Secondly, the fact that a phrase-based translation system is envisaged seems dangerous to me. There are, after all, only a limited number of phrases one can punch into the database. Sometimes idioms have direct translations, such as “Yuyu Sangjong” in Korean to, “Birds of a feather flock together,” in English. But whole phrases? It seems to me this will profoundly limit the kinds of things that will be readable across a language barrier, and it’s not too big a leap of the imagination to think that the selection of which phrases get translative proirity will probably be, at least in part, determined by someone’s political agenda(s). The nightmare of Orwell’s Newspeak from the novel 1984 is really unlikely as a spoken language, but if a “translatability standard” is set up for the Web (as Ray Kurzweil suggests is possible in some of his writings) then the kinds of things we can say will be limited not only to foreign readers in other languages but also in the original document.

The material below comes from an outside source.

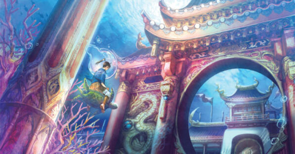 Sau đó, rùa biển đã đưa chàng ngư phủ theo cùng mình xuống thủy cung bí mật. Đến nơi, anh cảm thấy vô cùng choáng ngợp trước sự tráng lệ của nơi này, anh bèn bảo với rùa Vương rằng: “Nơi này quả là đẹp!”.

And no, this is not better than the document being inaccessible as it would have been before translation tech came along, because limited documents and the appearance of powerful translation tech that also necessitates limited content is a really dangerous thing.
So I think, for the time being, we’d better stick to multilinguality and to using human translators: they may also have political agendas, but those are individual, and not implicit in the whole process of translation itself. It’s a lot safer to let humans do this very human work.